Artificial intelligence could help to spot life on Mars, alien hunters say
Artificial intelligence (AI) could spot the likeliest places where life might be lurking in environments such as Mars – helping scientists to ‘zoom in’ quickly on alien microbes or other life forms.
Future space robots might carry AI algorithms to help them focus on areas where microbes might survive, the researchers say.
Researchers used a machine learning model to recognise the patterns and rules of where life lurks in a harsh environment on Earth – the salt domes, rocks and crystals of the Chilean Atacama desert.
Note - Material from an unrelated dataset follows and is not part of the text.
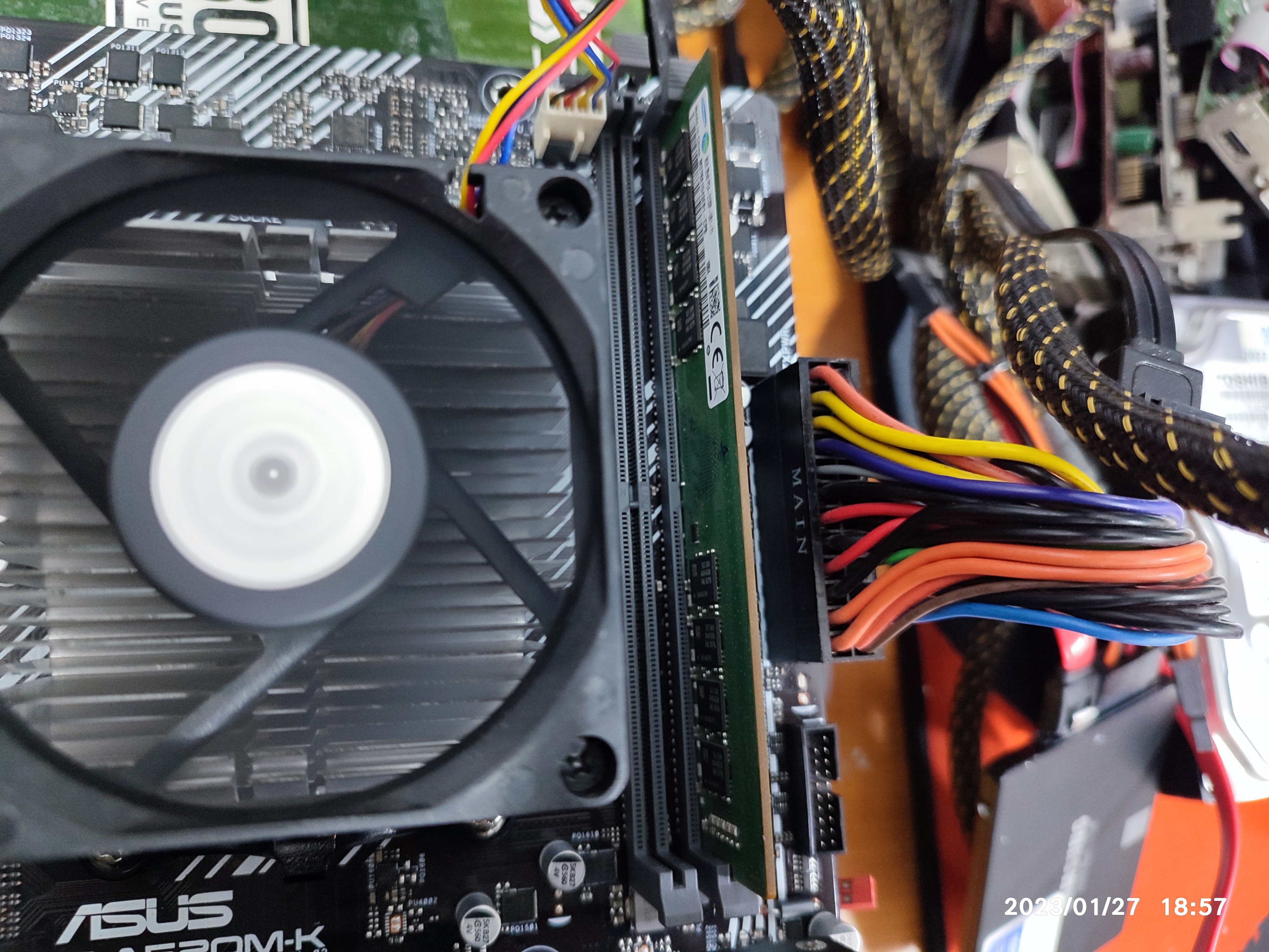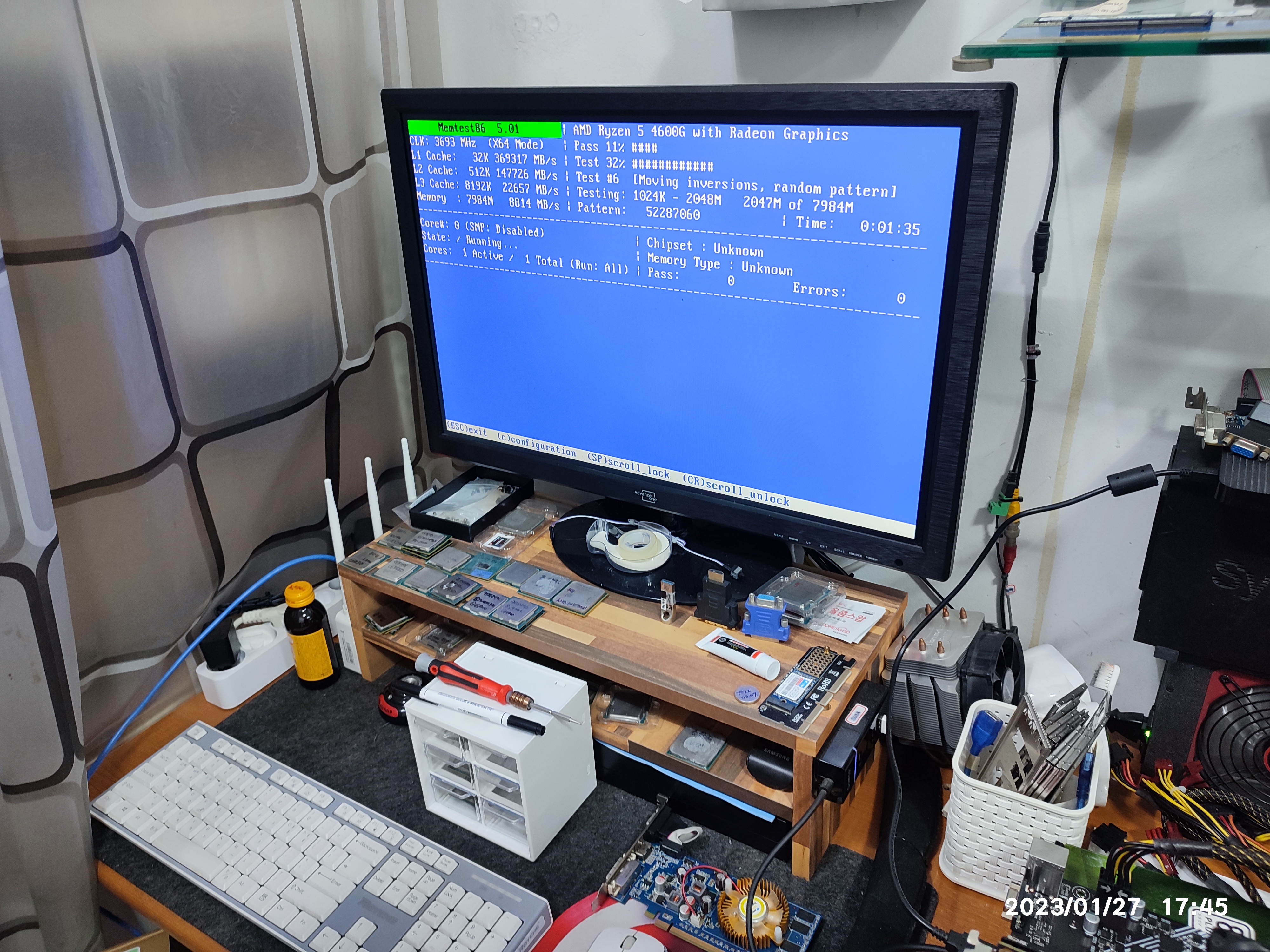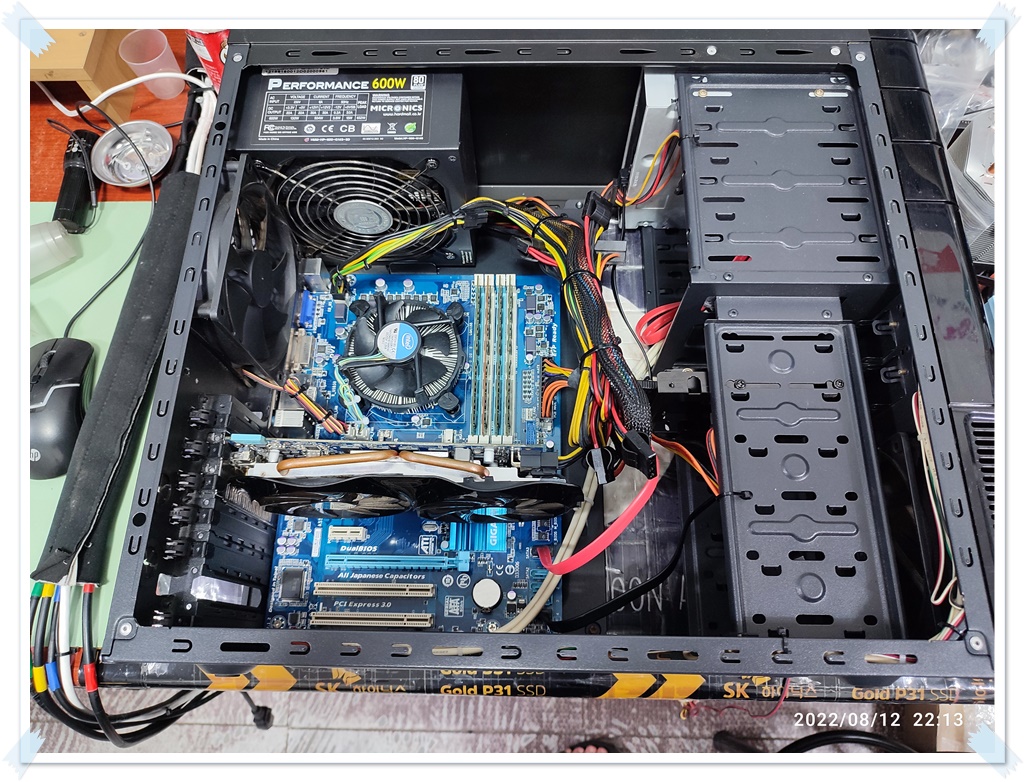 아래는 제 테스트용 메인보드입니다. 제 CPU와 메모리, 파워서플라이 등으로 테스트해서 잘 되는 걸 확인하고 분류해둔 테스트용 메인보드입니다. 손님의 CPU와 메모리, 그래픽카드 등의 호환성이 있는 메인보드입니다. 일단은 제 부품을 다시 연결해서, 메인보드가 정상적으로 동작하는지, 손님 부품을 장착하기 전에 제 메인보드의 상태를 다시 확인합니다. 테스트하고 보관하고 있었을 뿐인데도, 세월이 지나면, 갑작스럽게 동작을 멈추는 (고장나는) 보드도 있기 때문에, 손님 부속을 테스트하기전에 먼저 상태 점검해보고 교차 테스트 진행합니다. 손님과 같이 확인한다고 테스트 과정은 사진상으로 남기진 못했네요. 제 보드는 정상적으로 바이오스 화면까지 진입됩니다. (윈도우 화면까지는 넘어가지 않았습니다. 그렇게 확인하는 게 더 정확하지만, 시간이 오래 걸립니다.)

The researchers, led by Kim Warren-Rhodes of the alien-hunting SETI Institute trained the model to home in on the sparse signs of life in the Atacama desert.
Using AI, the scientists could locate and detect biosignatures up to 87.5% of the time (versus round 10% by random search) and decrease the area needed for search by up to 97%.
Read more: There might once have been life on the moon
The same technique could help to spot life on Mars, the researchers believe.
Rhodes said: “Our framework allows us to combine the power of statistical ecology with machine learning to discover and predict the patterns and rules by which nature survives and distributes itself in the harshest landscapes on Earth.
“We hope other astrobiology teams adapt our approach to mapping other habitable environments and biosignatures.
“With these models, we can design tailor-made roadmaps and algorithms to guide rovers to places with the highest probability of harbouring past or present life—no matter how hidden or rare.”
Similar algorithms and machine learning models for many different types of habitable environments and biosignatures could be automated onboard planetary robots to efficiently guide mission planners to areas with the highest probability of containing life.
Read more: Hubble spots something very strange flying through the solar system
Rhodes and the SETI Institute NASA Astrobiology Institute (NAI) team used the Salar de Pajonales, as an analogue of the surface of Mars.
Pajonales is a high altitude, high UV, hyper arid, dry salt lakebed, considered inhospitable to many life forms but still habitable.
The team collected more than 7,765 images and 1,154 samples and tested instruments to detect photosynthetic microbes living within the salt domes, rocks and alabaster crystals.
The study’s findings confirm (statistically) that microbial life at the Pajonales terrestrial analogue site is not distributed randomly but concentrated in patchy biological hotspots strongly linked to water availability.
Next, the team trained convolutional neural networks (CNNs) to recognise and predict macro-scale geologic features at Pajonales – some of which, like patterned ground or polygonal networks, are also found on Mars – and micro-scale substrates (or ‘micro-habitats’) most likely to contain biosignatures.
Nathalie A Cabrol, the principal investigator of the SETI Institute NAI team, said: “While the high rate of biosignature detection is a central result of this study, no less important is that it successfully integrated datasets at vastly different resolutions from orbit to the ground, and finally tied regional orbital data with microbial habitats.
“With it, our team demonstrated a pathway that enables the transition from the scales and resolutions required to characterise habitability to those that can help us find life. In that strategy, drones were essential, but so was the implementation of microbial ecology field investigations that require extended periods (up to weeks) of in situ (and in place) mapping in small areas, a strategy that was critical to characterise local environmental patterns favourable to life niches.”